Writing, like any art form, gives substance to our feelings. Art is emotion made solid. Whether a painting, a song or a story, we feel through art. Art is the purest way to express our feelings with each other whether it's screaming along to a chorus in the car or crying in the dark during a movie. We live through the art of each other.
When I was writing Jom the Light Wielder, I was in a bad space. I had fallen in love with the wrong man and my heart was in pieces. My instinct during those dark moments of life is to write dark, disturbing stories while listening to 80s emo bands. Edgar Allen Poe by way of The Cure. But I was in the middle of the story and I couldn't just write dark twisted tales. Although it was the second of three books--typically the darkest part of a trilogy--and I knew there would be dark times ahead for Jom and his friends, I couldn't bring myself to jump completely into the abyss. Not that I didn't dip my foot into it, though. There are quite a few chapters of the book that are dark and disturbing--Dreams of Shadows Casting People, Crnobog and of course, The Lighthouse.
It was while I was writing The Lighthouse that I realized I needed to confront my emotions about my break-up. I needed to express what I was feeling...all the love and all the hate. All the hurt but also all the hope. As much as I wanted to wallow in my heartache, I had to believe there were brighter days ahead. Finding a way to survive the night and see the dawn is all we can do sometimes.
The story about my relationship was worked and re-worked, discarded then brought back. I couldn't find the right words to express what I needed to without resorting to cheesy, drippy dialog or characters. So I put that chapter aside and and sloughed forward. Then I wrote a chapter about hope. I hadn't intended to. I was just writing, letting my fingers act as a conduit to something other than my thoughts and it spilled out. The Crystal Heart Song of Rafk became a touchstone for my heart. Suddenly, I knew where Jom would go.
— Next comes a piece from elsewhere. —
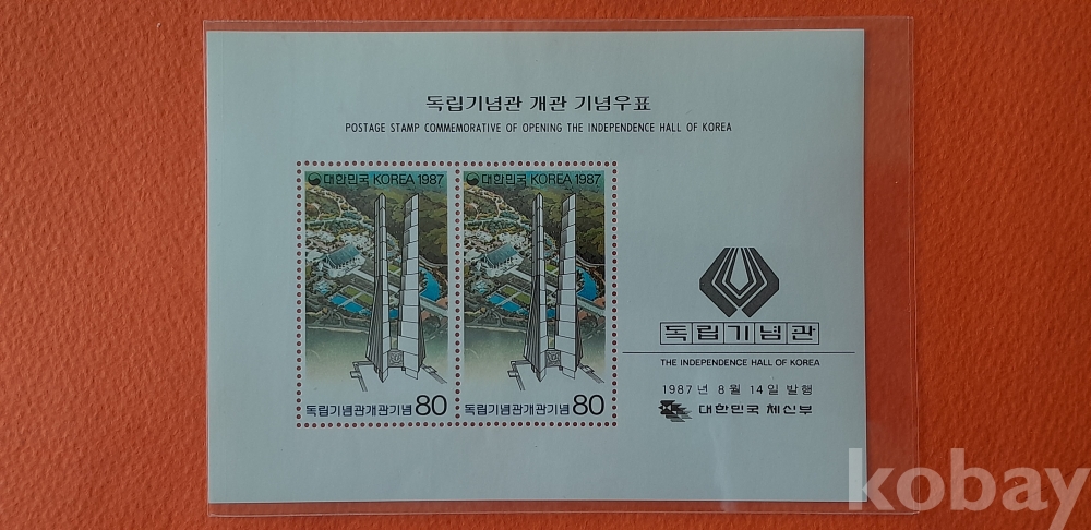독립기념관 개관 기념 시트는 두 장 모두 뒷면 상태가 좋지 못합니다.(사진 참조)
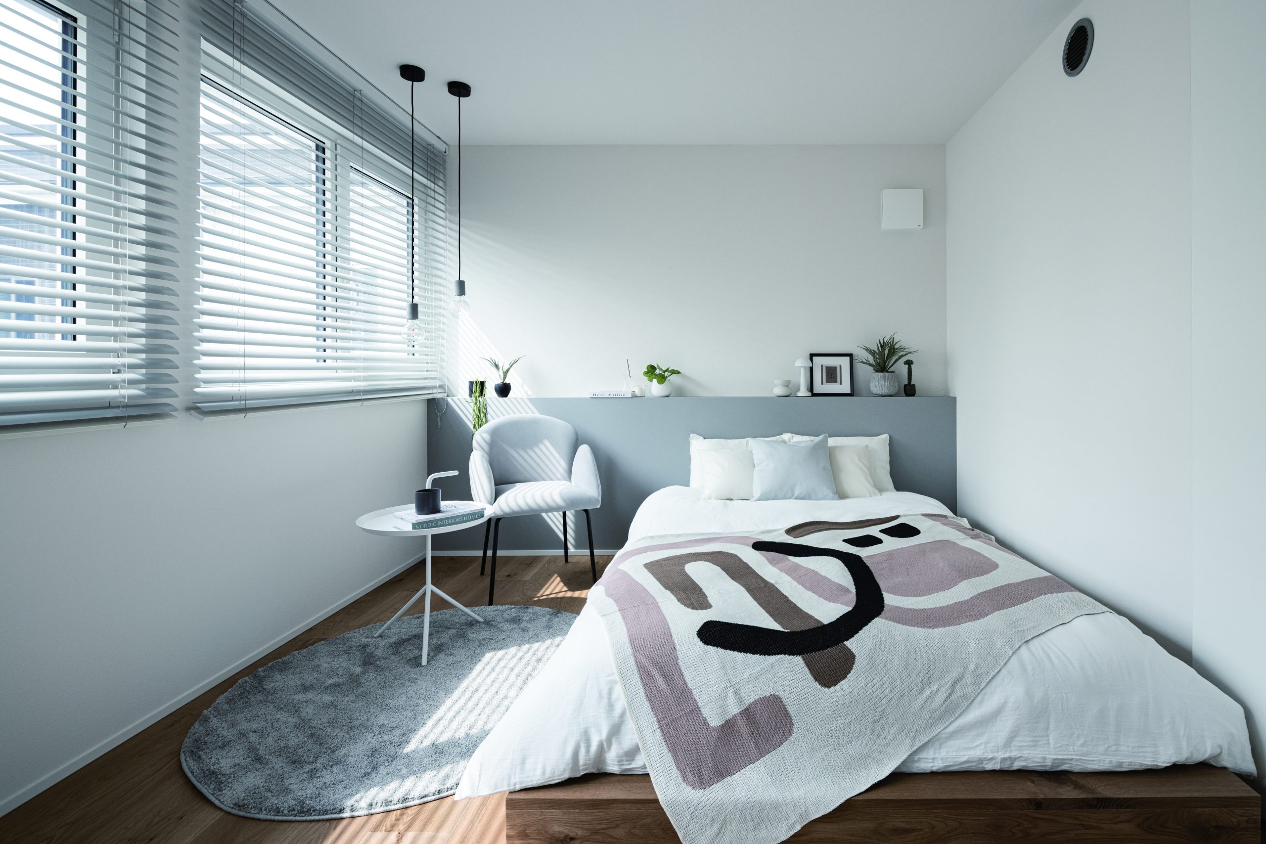ベッドのヘッドボードがなくてもいいように、グレーの台は造作しました。

And I knew where my heart would go as well.
I re-worked the story about my relationship and layered it into the over-arching narrative. Suddenly, this dark, depressing middle of the trilogy became a story of hope and wonder. There were horrible moments and there was loss and tears and depression. But ultimately, Jom, like me, came through the darkness.
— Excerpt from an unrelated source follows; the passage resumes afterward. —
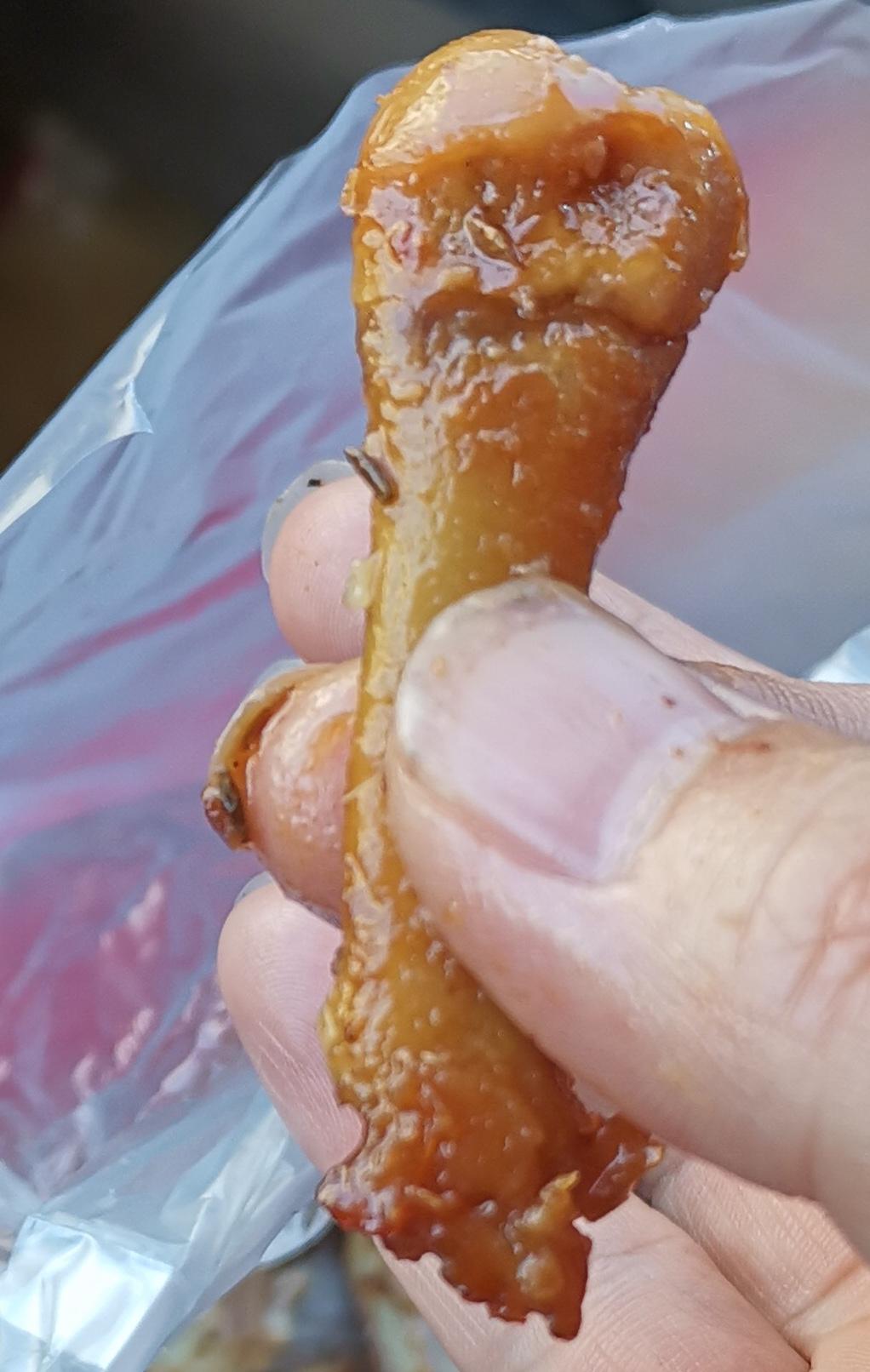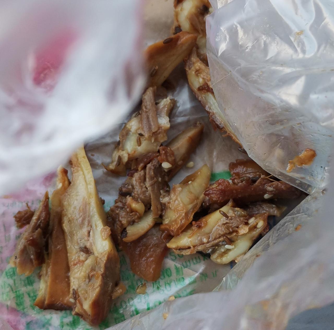 吃了多一半,突然发现,买的猪脆骨中有一根骨头,骨头很干净,上面几乎没肉,心想是不是有人啃过,放里面了?心里开始有点不放心。
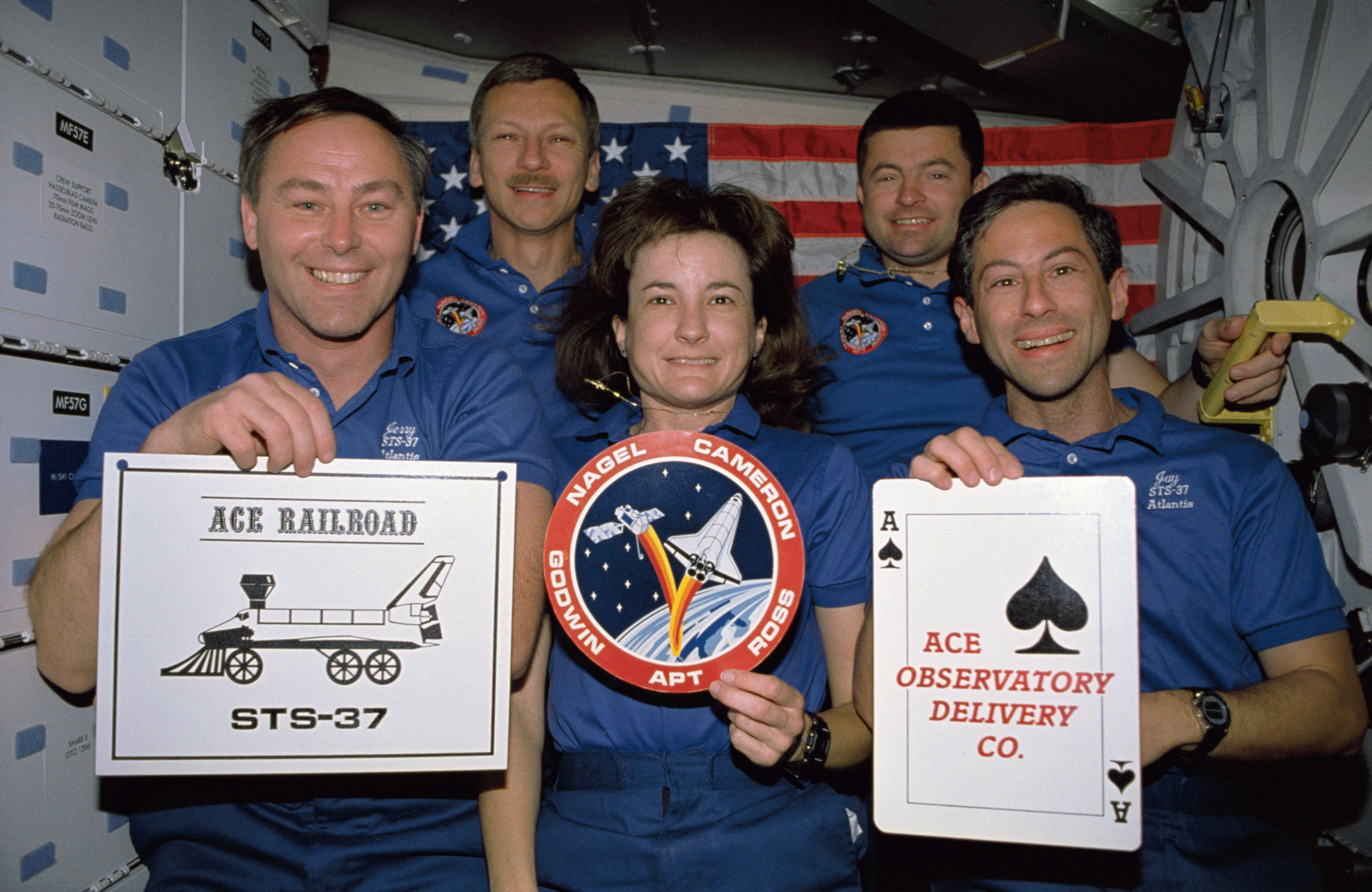 The STS-37 crew posed in flight on Atlantis after deploying the Gamma Ray Observatory. The railroad sign refers to a small equipment cart on rails tested by Jay Apt and Jerry Ross during an EVA in the payload bay.

When people say their art helps get them through the rough times, they rarely can express exactly how it helps. Hand waving and 'it just helps' doesn't explain anything. For me, writing about my loss meant being honest with myself in a way that was raw and unbiased. It was confronting those dark thoughts. Not to suppress them or ignore them or shame them, but to show them up for all to see because it's all right to feel that way sometimes. It's all right to have dark thoughts, to wish bad things and to sob into your pillow and to sometimes just feel dead inside. We can't be the person we're meant to be if we don't embrace all of that.
I am who I am because of my losses and my victories, my failures as much as my successes. I try to be a better man most days. Some days I don't. Some days I just want to see the world burn. Thankfully most days I want to build a better world though. I learn from my mistakes (usually) and try to do better (mostly.)
And I'll continue to write about what goes on in my heart and in my head. I'll couch my feelings in silliness and wrap my thoughts in stories. After all, storytelling is the art of telling the truth through lies.